Bruschetta 'n Cheese Stuffed Chicken Breasts


Bruschetta 'n Cheese Stuffed Chicken Breasts

Prep: 15 min           Total: 1 Hour
1 Can (14 ½ oz.) Italian-style diced tomatoes, undrained
1 ¼ Cups Shredded Low-Moisture Part Skim Mozzarella Cheese, divided
¼ Cup Chopped Fresh Basil
1 Pkg (6 oz.) Stove Top Stuffing Mix for Chicken
8 Small boneless skinless chicken breast halves (2 lob.)
1/3 Cup Kraft Roasted Red Pepper Italian with Parmesan Dressing
Preheat oven to 350 degrees F. To prepare stuffing, combine tomatoes and their liquid. ½ cup shredded mozzarella cheese; basil and dry stuffing mix, stirring until just moistened.
Put 2 chicken breast halves in a large, freezer weight resealable bag. Pound the chicken with the side of a heavy can, rolling pin or meat mallet until chicken is ¼-inch thick.
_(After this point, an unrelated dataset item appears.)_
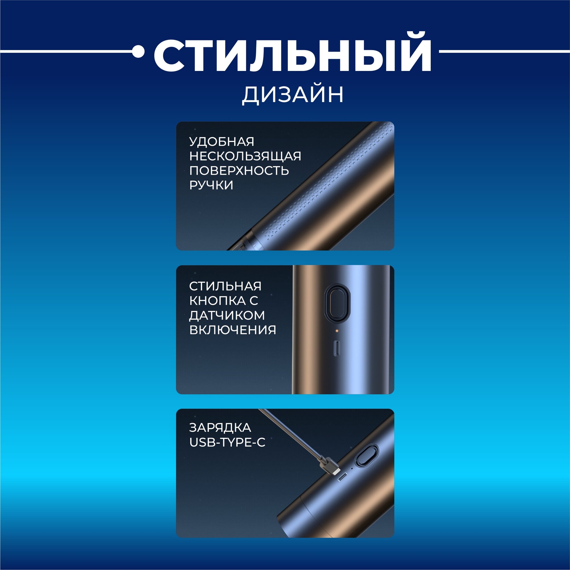| Особенности конструкции | место для хранения насадок / управление мощностью на рукоятке |
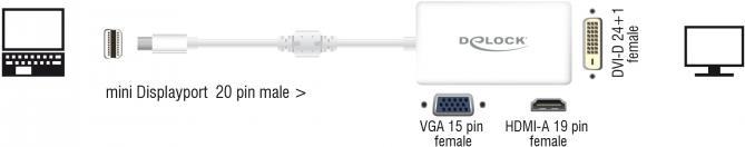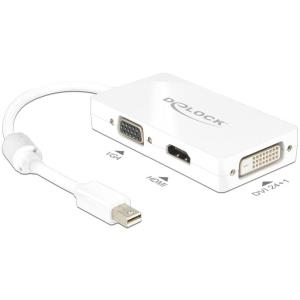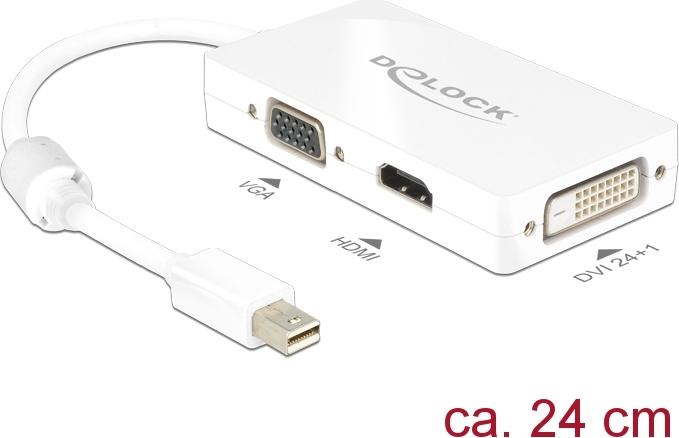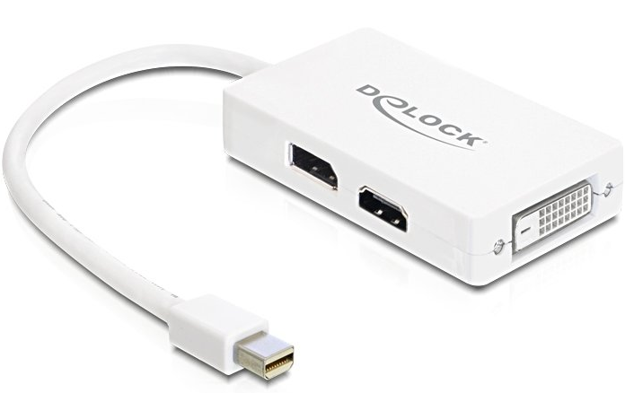 Mit diesem mini Displayport Adapter von Delock können Sie Ihr System um eine VGA, HDMI und DVI Schnittstelle erweitern und verschiedene Geräte, wie z. B. Fernseher, Projektor, PC Monitor etc. anschließen. Es kann nur ein Monitor am Adapter betrieben werden, nicht mehrere gleichzeitig.

Repeat process in the same bag with remaining chicken breast, 2 at a time.
Place pounded chicken breast, smooth-side down, on a cutting board. Spread with 1/8 of the stuffing mixture.
Roll chicken breast, starting at the narrow end. As tightly as possible around stuffing mixture.
Place in 13x9-inch baking dish with seam side down, as this allows the chicken to hold together nicely. Pour dressing evenly over chicken and bake for 40 minutes.
Sprinkle with remaining ¾ cup cheese and bake 5 minutes longer, or until cheese is melted and chicken is cooked through (internal temperature of 170 degrees F) .
Makes 8 servings, 1 stuffed chicken breast each.